**WHAT YOU NEED TO DO:**
Quote the listing below in full and exactly as written, but omit every picture.

** INFORMATION SHOWN follows **

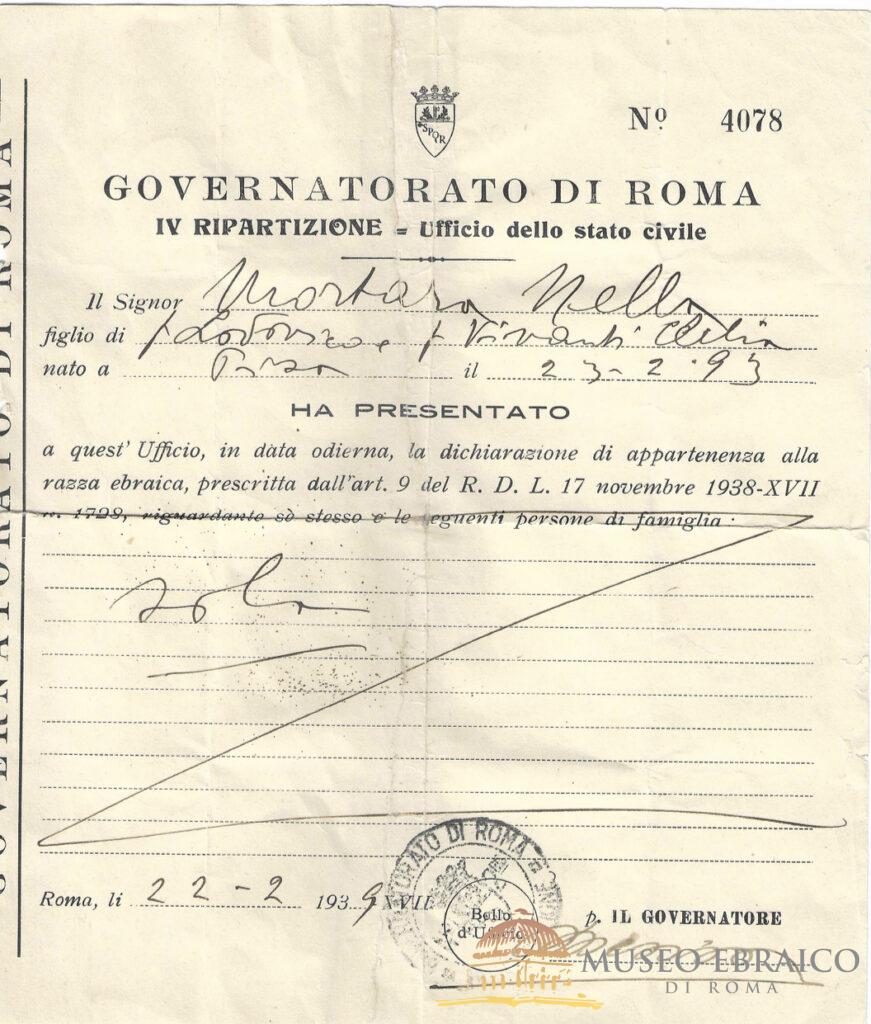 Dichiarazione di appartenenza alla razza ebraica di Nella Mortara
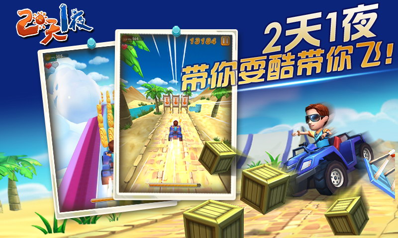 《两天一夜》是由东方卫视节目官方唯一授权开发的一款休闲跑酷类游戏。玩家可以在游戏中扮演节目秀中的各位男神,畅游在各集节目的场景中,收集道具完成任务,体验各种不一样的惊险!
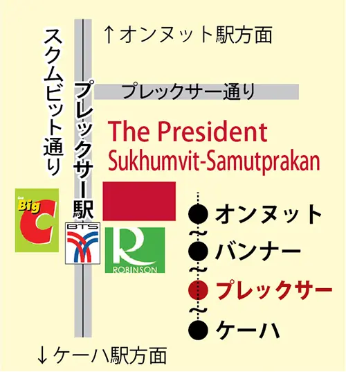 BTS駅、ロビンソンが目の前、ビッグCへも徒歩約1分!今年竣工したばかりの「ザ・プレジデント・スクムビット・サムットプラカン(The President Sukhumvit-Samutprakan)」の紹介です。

** End of INFORMATION SHOWN **

**RESULT OF THIS EXERCISE:**
 Dichiarazione di appartenenza alla razza ebraica di Nella Mortara
 《两天一夜》是由东方卫视节目官方唯一授权开发的一款休闲跑酷类游戏。玩家可以在游戏中扮演节目秀中的各位男神,畅游在各集节目的场景中,收集道具完成任务,体验各种不一样的惊险!
 BTS駅、ロビンソンが目の前、ビッグCへも徒歩約1分!今年竣工したばかりの「ザ・プレジデント・スクムビット・サムットプラカン(The President Sukhumvit-Samutprakan)」の紹介です。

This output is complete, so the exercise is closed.